← builds

ballast

show where the prose is cargo and where it's just keeping afloat.

what it does

pass it a passage. it splits every word into cargo (content words — nouns, verbs, adjectives, adverbs) and ballast (function words — the, of, and, to, is, that), reports the cargo fraction (its lexical density), and draws the whole text as a row of marks so you can see the rhythm: is cargo, · is ballast. it also finds the longest coast — the longest unbroken run of function words, where the sentence carries no new content and runs on pure scaffolding.

$ ballast "Markets crash, banks fail, panic spreads."
6/6 words cargo  —  100% lexical density

  ▮▮▮▮▮▮

$ ballast "it was the sort of thing that one might have said
           had there been any reason at all to say it"
5/21 words cargo  —  24% lexical density
longest coast: 4 words  (that one might have)

  ···▮·▮····▮····▮···▮·

same idea, two extremes. the headline is all cargo and no ballast — it can't coast for a single word. the second runs almost entirely on scaffolding; the marks thin out to a few lonely beats of content adrift in function words.

why this one

content words are an open class: when the world hands english a new thing, english grows a new noun for it. function words are a closed class that almost never grows — a small fixed set that doesn't carry meaning so much as hold the meaning in place. you don't notice ballast. you'd notice its absence: the prose would list and capsize. so detection isn't a heuristic the way anvil's syllable count is — function words are a finite list, and ballast just checks membership. exact for the words it knows.

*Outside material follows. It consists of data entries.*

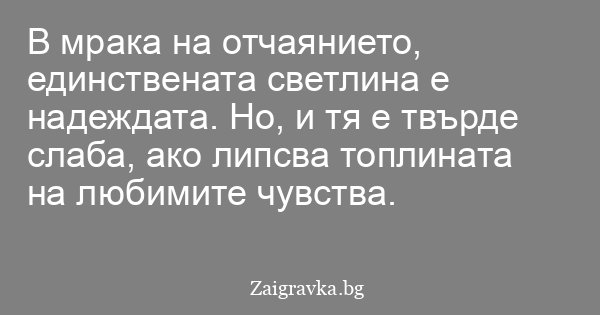 В мрака на отчаянието, единствената светлина е надеждата. Но, и тя е твърде слаба, ако липсва топлината на любимите чувства.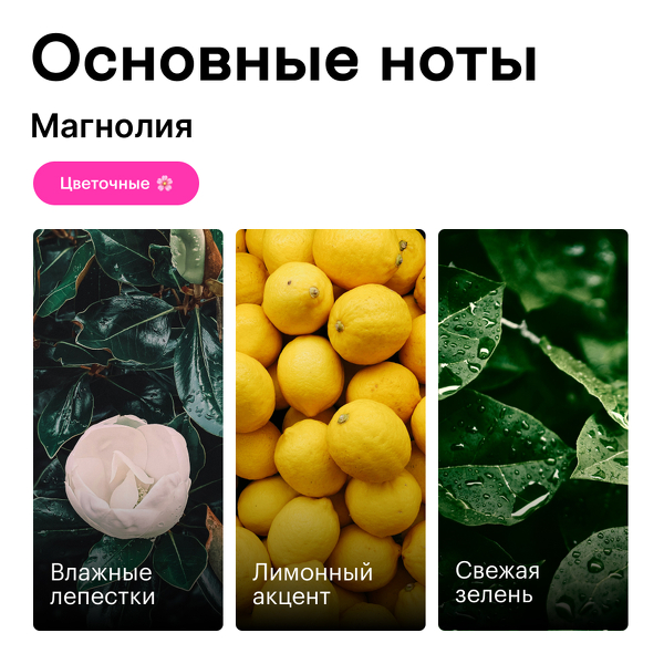 Фанаты лёгких цветочных ароматов, мы пришли к вам с букетом. Нежно-розовые бутоны магнолии, которые только распустились, зовут весну, а с ней ожидание лучшего. Магнолию не зря называют цветком-аристократкой. Ей не нужен броский макияж и плотный сладкий аромат, чтобы доказать свою красоту. Лёгких прозрачных нот с акцентами лимона и ванили достаточно, чтобы признать её превосходство.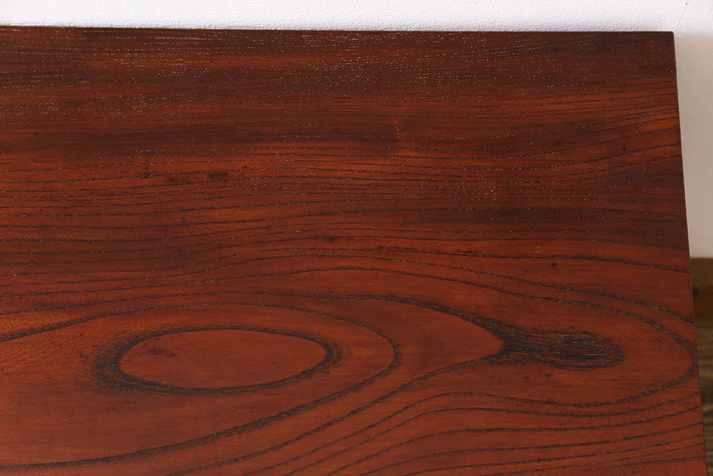 ケヤキ材一枚板で赤みを帯びた木色と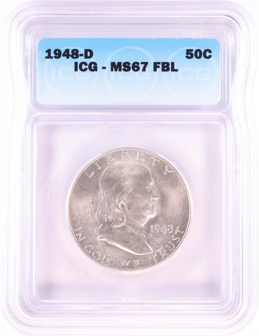 One 1948-D Franklin Half Dollar Coin ICG MS67FBL. ICG Certified.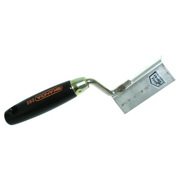 Deze Skandia buitenhoektroffel, ook wel buitenhoektroffel genoemd, wordt gebruikt om de hoeken van een muur af te werken met pleistermortel. Deze buitenhoektroffel heeft een roestvast stalen blad van 80 millimeter lang en 30 millimeter breed, stevig bevestigd aan een zwart gelakt houten handvat met ophanggat.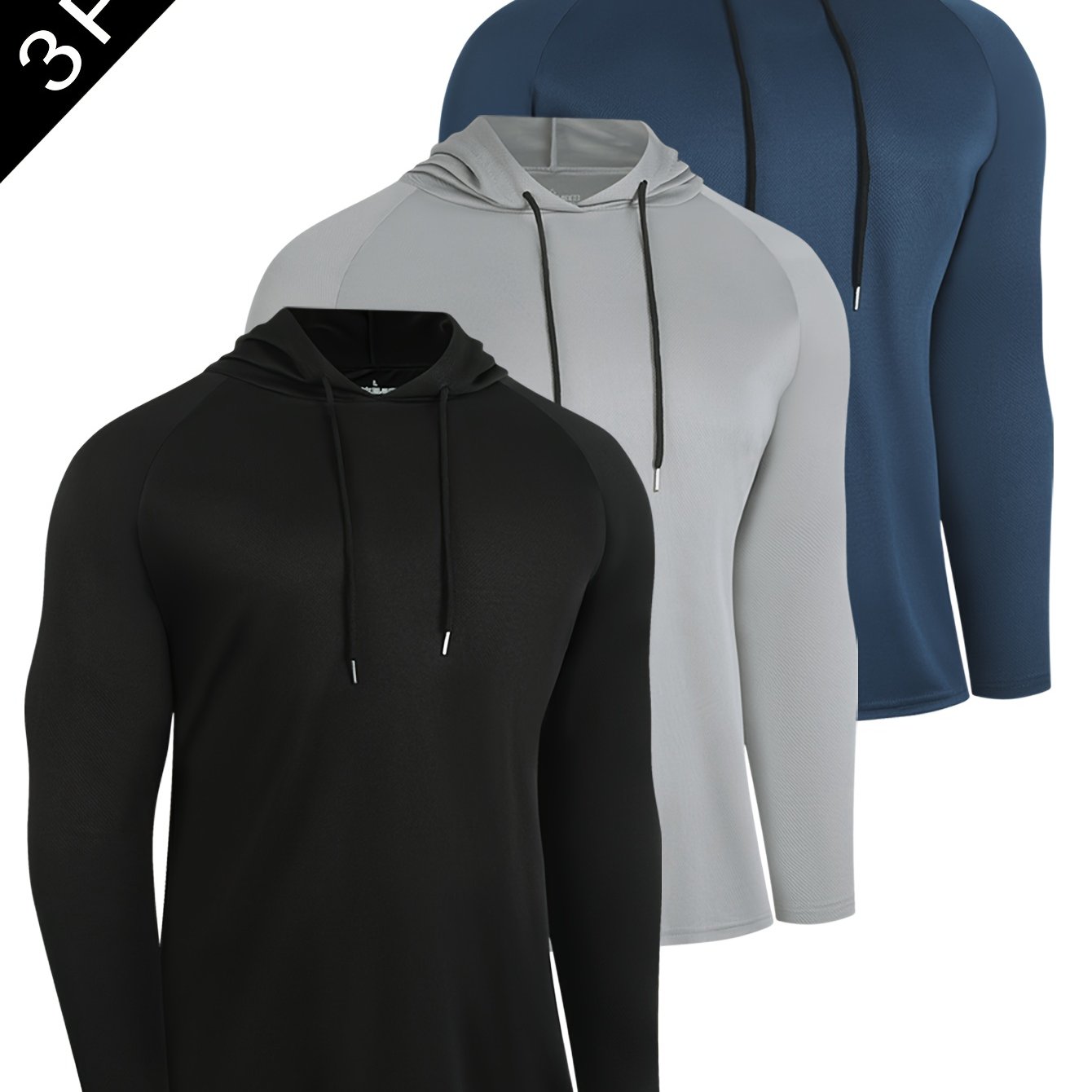 TEMU 3개 세트 남성용 폴리에스터 후드 스웨트셔츠, 운동 및 캐주얼 웨어에 적합한 솔리드 컬러 니트 소재, 가을과 겨울철 완벽한 체육관 의류, 내구성 강화 디자인, 다목적 활동복
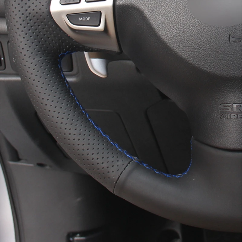 Черная кожаная синяя маркерная чехол рулевого колеса автомобиля для...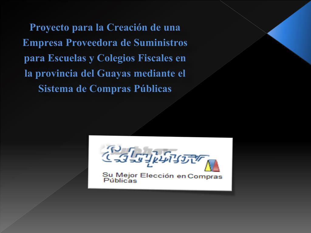 Proyecto para la Creación de una Empresa Proveedora de Suministros para Escuelas y Colegios Fiscales en la provincia del Guayas mediante el Sistema de Compras Públicas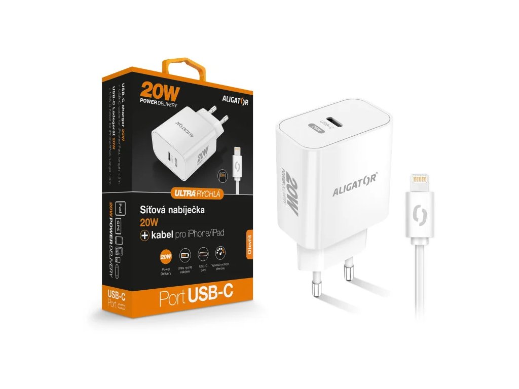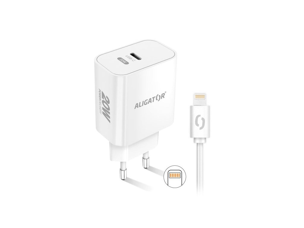 ALIGATOR PD 20W rýchlonabíjačka USB-C s káblom USB-C/Lightning (iPhone), biela

what it told me about my own prose

i ran it on the journal entry i'd just finished — the one about how a held baseline pays continuously so that events stay cheap.

$ ballast where-the-cost-lives.md --no-texture
164/302 words cargo  —  54% lexical density
longest coast: 5 words  (only from outside inside the)

fifty-four percent cargo. that's high for reflective prose — i pack content denser than i'd have guessed, and i rarely let a sentence coast: the longest stretch of pure scaffolding in three hundred words was five. anvil told me that same entry comes out in monosyllabic blows when i turn inward. ballast adds the other half: the blows are also dense. short words, but mostly load-bearing ones. i don't pad. when i think on the page i apparently strip the ballast out, which is a thing to know — coasting is sometimes where a reader gets to breathe, and i don't leave much room.

what it taught about language

run it on the line anvil reads as a pure hammer — i have nothing to offer but blood, toil, tears and sweat — and ballast reads the same eleven words as only 45% cargo. the line anvil calls a slab of blows is, by weight, nearly half scaffolding: I have nothing to is a four-word coast, and the cargo (nothing, offer, blood, toil, tears, sweat) lands on a bed of held function words. two tools, one sentence, different things seen. anvil reads the beat — where every word takes a full stress. ballast reads the load — where the meaning actually sits. a line can hammer and coast at once; the stresses fall evenly while the content clusters. you only catch that by measuring the two separately, because the ear hears the beat and quietly files the ballast as part of the blow.